The essential 5G glossary of key terms and phrases

5G explained: The essential 5G glossary

3^rd Generation Partnership Project

Various telecommunications organizations, including AT&T and the former Nortel Networks developed the 3GPP in 1998 to create standards for 3G technology with other companies, including British Telecom. Since then, 3GPP has continued to develop standards for succeeding wireless generations, including 5G. This project uses standards based on the Global System for Mobile Communications specifications and radio access technology.

5G

Fifth-generation cellular, or 5G, is the latest generation of mobile network technology. 5G offers higher speeds, lower latency and a more uniform user experience than 4G. Many new features -- addressed in this 5G glossary -- accompany 5G.

5G Advanced

5G Advanced, the latest initiative by 3GPP, uses AI and machine learning to further improve network performance and boost 5G's speed by as much as 20%. Release 18, introduced in 2024, laid the groundwork for the standard.

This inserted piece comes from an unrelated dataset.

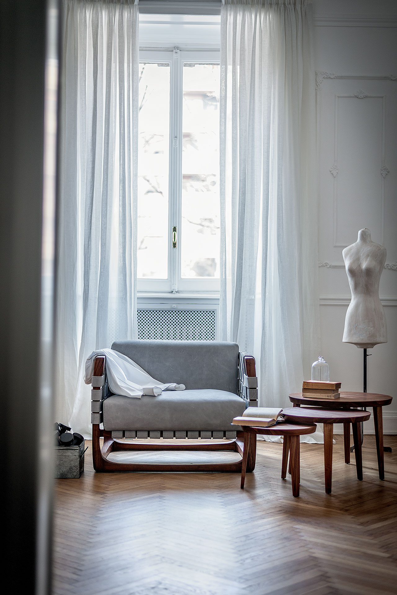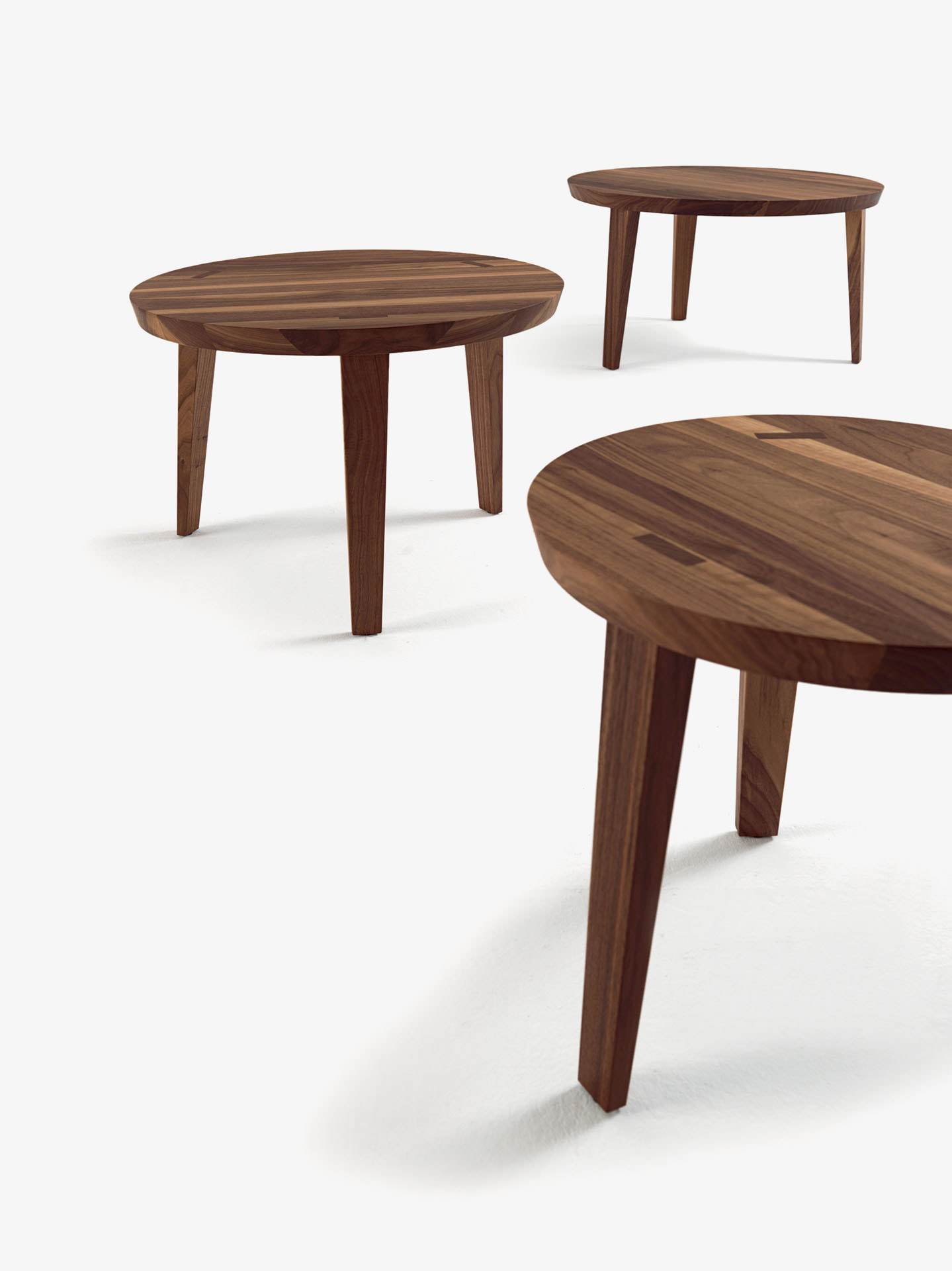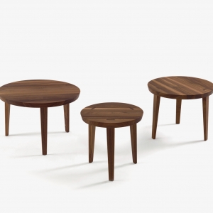 一系列由实木制成的小桌,有多种直径和高度可供选择,可相互叠放。桌腿贯穿台面,表面可见其分布。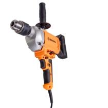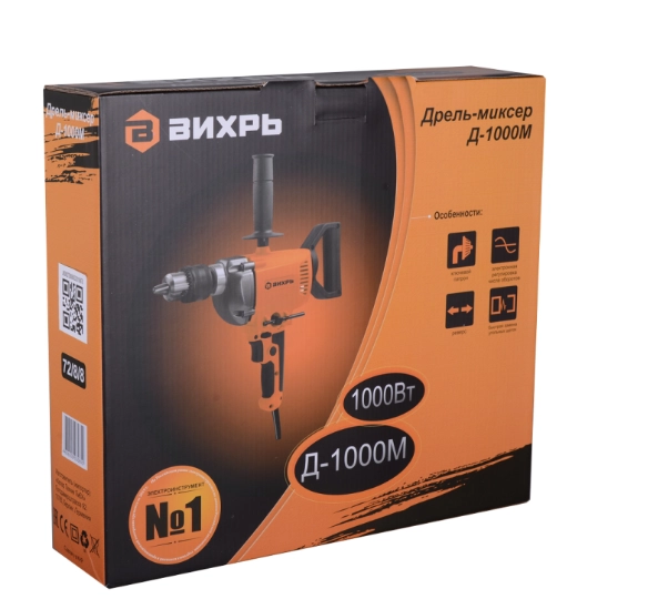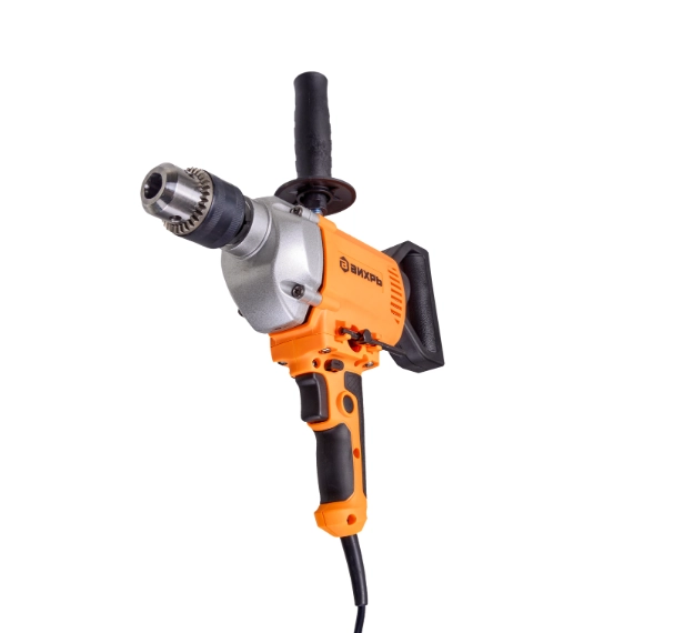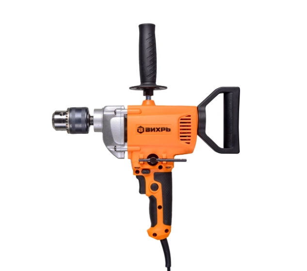 Дрель-миксер Д-1000М Вихрь - электрический инструмент двойного назначения, предназначенный для сверления отверстий в различных конструкционных материалах (дерево, сталь, кирпич, легкий бетон и т. д) (при установке соответствующих сверл), и перемешивание лакокрасочных материалов (при установке соответствующей насадки). Данное устройство сможет одновременно заменить два электроинструмента, что положительно скажется на бюджете покупателя. Данная дрель-миксер оснащена 3-х кулачковым патроном, что позволяет надежно фиксировать в нем и насадки для перемешивания строительных смесей (с соответствующим диаметром хвостовика), и сверла для обустройства отверстий большого диаметра. Данный инструмент относится к низкооборотным дрелям, поэтому низкие обороты вращения и высокий крутящий момент позволяет с их помощью не только перемешивать самые различные растворы, но и использовать для сверления больших отверстий даже в очень твердых материалах.

In 2025, Release 19 continues the evolution of Release 18, and Release 20 is a hybrid release that finalizes key 5G Advanced enhancements. 5G Advanced addresses the growth in demanding applications, such as live video streaming and other real-time applications. It's designed to enable a wider set of use cases for organizations in vertical industries -- one of the initial promises of 5G. 5G Advanced is backward-compatible, so it can coexist with current 5G New Radio releases and serve legacy 5G devices.

5G New Radio

5G NR is a set of specifications that replaces the Long-Term Evolution (LTE) standard. It uses enhanced OFDM and other techniques to optimize the electromagnetic radiation spectrum, thereby enhancing 5G's features and capabilities. 5G NR serves as the global standard that defines the air interface of 5G networks.

Fixed wireless

Fixed wireless broadband is an alternative to 5G cellular, providing internet access and 5G services to users in areas without fiber optic internet infrastructure. Users get access through receivers that internet service providers install in fixed locations, such as offices and homes. For fixed wireless to work, the receiver can be no farther than about 10 miles from the service provider's tower.

Latency 

Network latency refers to the amount of delay or time it takes for packets to travel between points. Latency is a key difference between 4G and 5G. 4G offers latency of 60 to 98 milliseconds and 5G promises latencies as low as 3 ms. Ultralow latency enables users to experience real-time communication, including reliable audio and video streaming, and is expected to facilitate the delivery of virtual reality, IoT and AI.

LTE

LTE is a 4G wireless standard that set the groundwork for 5G technology. It offers increased capacity and speed, as well as high peak data transfer rates. 3GPP developed the specification in 2008 to unify global wireless broadband standards. LTE supports various types of traffic, including voice, video and messaging.

Millimeter wave

MmWave is a band of radio spectrum, between 30 GHz and 300 GHz, through which high-speed broadband connections can transfer data. 5G operates on this band. MmWave spectrum travels at high frequencies in short, direct wavelengths, called line-of-sight travel. MmWave also supports high-speed, point-to-point wireless LANs. Due to the nature of mmWave, its performance and signal strength can be affected by both atmospheric changes and physical barriers, such as doors and walls.

MIMO

MIMO stands for multiple input, multiple output, a technology that uses multiple antennas to transmit and receive information. By combining available antennas at both sending and receiving locations, MIMO enables faster data speeds and reduces the likelihood of transmission errors. 5G uses massive MIMO -- an extension that uses an even greater number of transmit and receive antennas to help providers prepare their networks to support increased amounts of data. Massive MIMO boosts users' bandwidth and supports more users per antenna.

Network slicing

Network slicing is a technique that separates virtual networks into individual partitions -- or slices -- each of which supports different services and applications. Slices reside on the same hardware, but each one has its own architecture, management and security. This network overlay architecture divides the user plane and control plane, allowing the user planes to move closer to the network edge. Network slicing is a key capability of 5G that is not available in earlier generations of the standard.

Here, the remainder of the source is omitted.